The study was approved by the Regional Ethics Committee and was reported to the Danish Data Protection Agency and adhered to the Declaration of Helsinki.20 Written informed consent was obtained from all participants.

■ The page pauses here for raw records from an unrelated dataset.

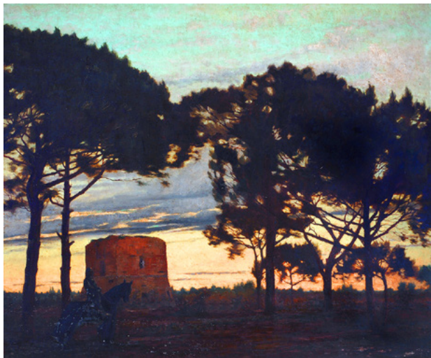
Gerolamo Cairati: Der schwarze Ritter, 1907

konservatorische Behandlung. Werden Sie BildPate und helfen Sie aktiv mit, die Sammlung der Kunsthalle Mannheim zu erhalten. Wählen Sie Ihr Lieblingswerk aus dem Bereich Gemälde, Skulptur oder Grafik aus und sprechen Sie uns an.
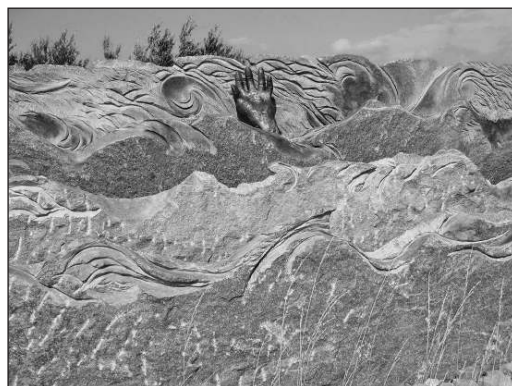
Photo 3 : monument commémoratif de la tempête de février 1953 en Zélande. La faiblesse de l'homme face aux flots marins est clairement exprimée.

Dans ce contexte, on comprend que les Zélandais réproouvent l'idée de dépoldérisation : les polders ont été difficilement conquis ; ils font la fierté du pays ; les rendre à la mer serait un « gâchis ». Cette fierté nationale est inculquée dès l'école primaire et même les écologistes s'y disent sensibles (V. Klap, ZMF, comm. pers.). Pour les personnes plus âgées qui ont vécu la tempête de 1953, l'émotion entre aussi en considération dans ce refus, car les plaies sont restées vives. Les Zélandais frappés personnellement en 1953 ou concernés
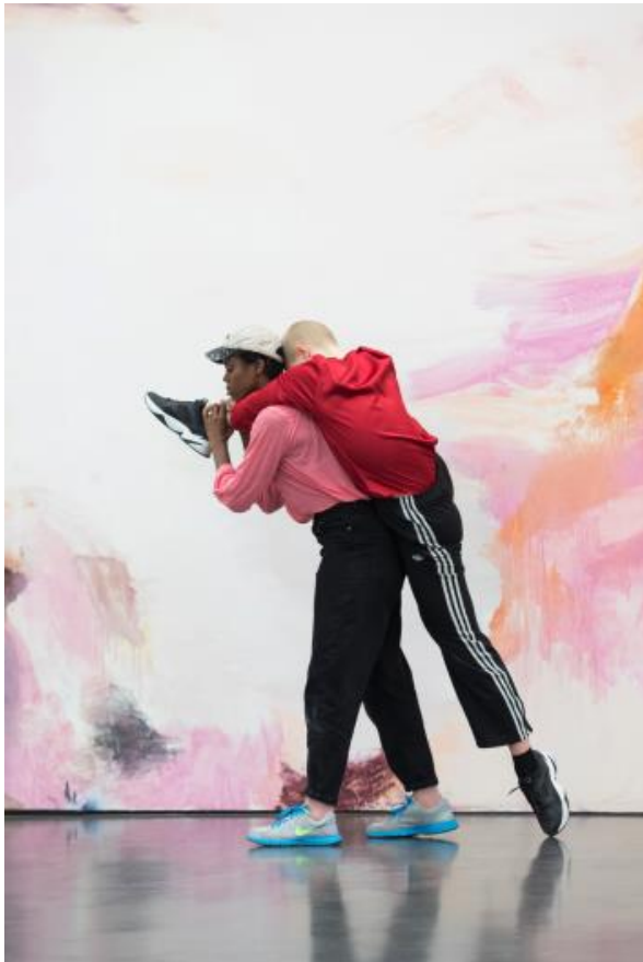
Megan Rooney, Performance Every Been There , 2019, Kunsthalle Düsseldorf
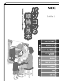
表紙はお使いのパソコンによって多少異なることがあります。

セットアップ前に『パソコンの準備と基本』に記載されている機器以外を接続したり、セットアップ中に電源を切ったり、不適切なユーザー名を入力してしまうなどして、 記載通りにセットアップしないと、正常にセットアップが完了しないだけでなく、故障につながる可能性があります。初めて電源を入れるときは、必ず添付のマニュアルをご覧ください。
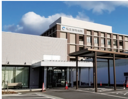
県立加茂病院 県央基幹病院を踏まえ今後の加茂病院の役割は
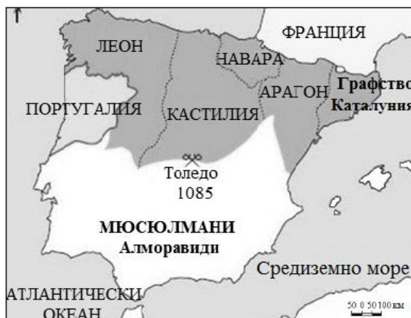
Фиг. 1. Граници на Португалия според договора от Самора, 1143 г.

Римският папа Александър III през 1179 г. със своята Bula Manifestis Probatum признава окончателно независимостта на Португалия и потвърждава кралската титла на Афонсу I Енрикеш [Димитров, С. 2008, с. 14].
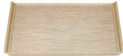
[A] 宴へぎ目盆 パールゴールド艶消NS(ノンスリップ加工) 81113-809 尺1寸 2,500円 50入 (33.5×21.5×2.2cm) 81114-809 尺2寸 2,600円 50入 (36.5×25.6×2.2cm) 81115-809 尺3寸 3,050円 40入 (39.4×27.6×2.2cm) 81116-809 尺4寸 3,400円 40入 (42.6×31×2.3cm) 81117-809 尺5寸 3,750円 30入 (45.3×31.9×2.4cm)
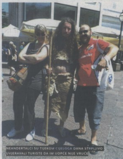
NEANDERTALCI SU TIJEKOM CIJELOGA DANA STRPLJIVO UJVERAVALI TURISTE DA IM UOPĆE NIJE VRUĆE
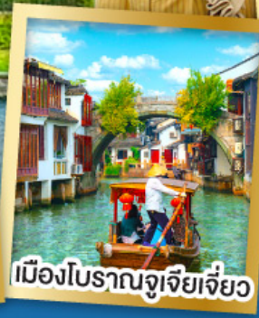
เมืองโบราณจู่เจียเจี้ยว
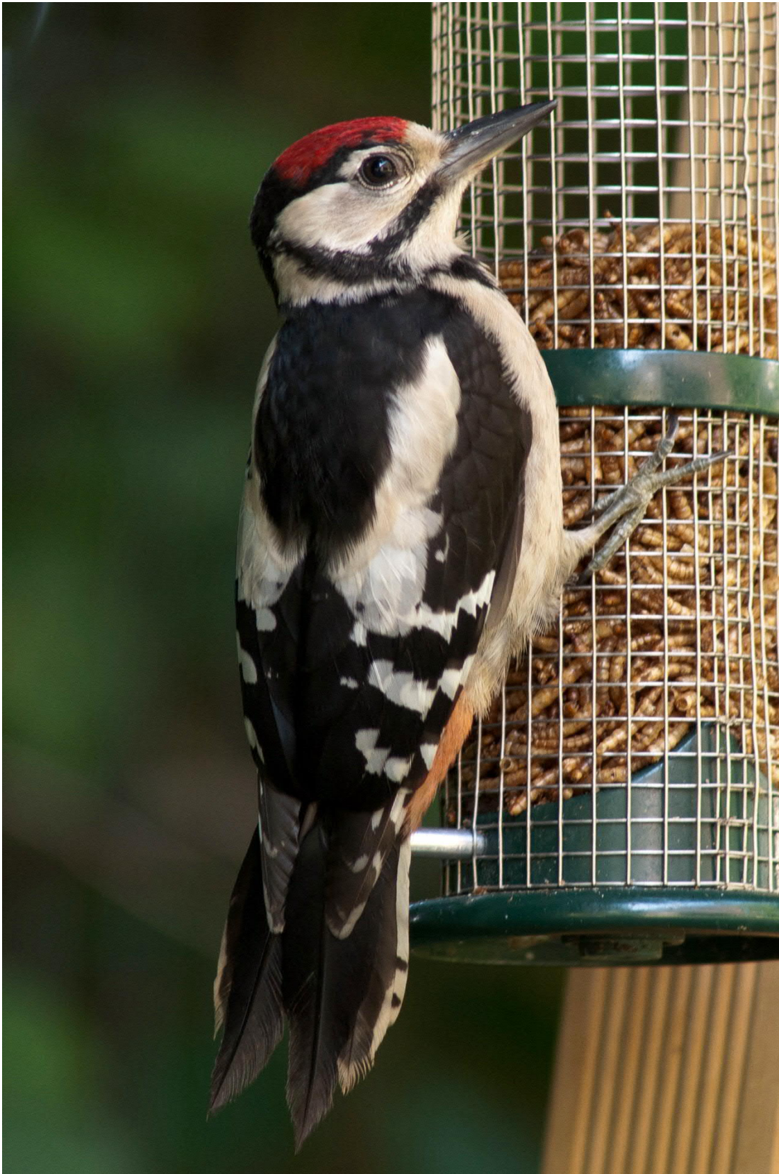
Junger Specht frisst Mehlwürmer
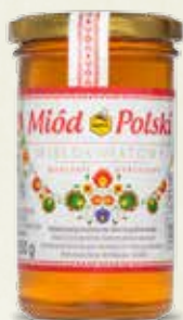
Miód Polski wielokwiatowy 350 g
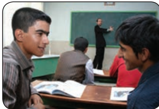
توجه نکردن به درس
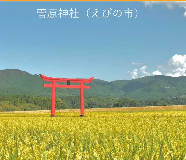
菅原神社 (えびの市)
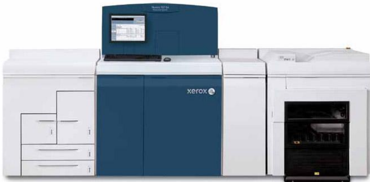
Система промышленной печати Xerox Nuvera® 157 EA с промышленным укладчиком Xerox®
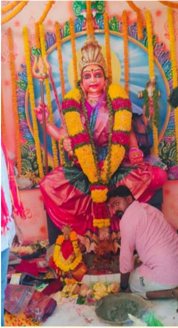
గోపాలపురం అక్షర విజేత,

మండలంలోని గుడ్డిగూడెం గ్రామ శివారులో సూతనంగా నిర్మించిన శ్రీ గుబ్బల మంగమ్మ అమ్మవారి ఆలయంలో విగ్రహ ప్రతిష్ఠ మహోత్సవ కార్యక్రమం ఆదివారం ఘనంగా జరిగింది. గుడ్డిగూడెం నుండి కొవ్వూరు పాడు వెళ్లే ప్రధాన రహదారి ప్రక్కన మామిడి తోటలో ఈ ఆలయాన్ని నిర్మాణం గావించారు. ఆలయంలో అమ్మవారి విగ్రహాన్ని ప్రతిష్ఠించారు. ఈ సందర్భంగా శనివారం ఉదయం 6 గంటల నుండి శాస్త్రోక్తంగా వందేతుల వేదమంత్రాలు నడుపు కార్యక్రమం ప్రారంభమైంది. ముందుగా విఘ్నేశ్వర పూజ, పుణ్య హవాచన, పంచ గవ్య ప్రార్థన, దీక్ష ధారణ, జలాధివాసము, క్షీరాధివాసము, ధాన్యాధివాసము వంటి కార్యక్రమాలు నిర్వహించారు. ఆదివారం ఉదయం గణపతి పూజ, పుణ్య హవాచనంతో పూజ ప్రారంభమైంది. అనంతరం ఉదయం 11 గంటల 20 నిమిషాలకు అమ్మవారి విగ్రహ ప్రతిష్ఠావన, శిఖర ప్రతిష్ఠ కార్యక్రమం చేపట్టారు.
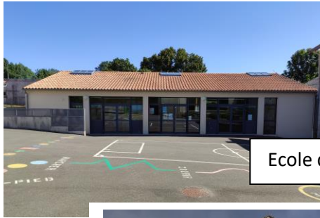
Ecole du petit train

Sample collection and study flow
Blood and CSF samples were collected between 7.30am and 2.30pm. Blood samples were collected from participants upon arrival to the ward. CSF samples were collected before injection of the spinal analgesic, which was usually within two hours after patient arrival. Patients received Celecoxib one to two hours prior to surgery, after blood sampling but prior to CSF sampling.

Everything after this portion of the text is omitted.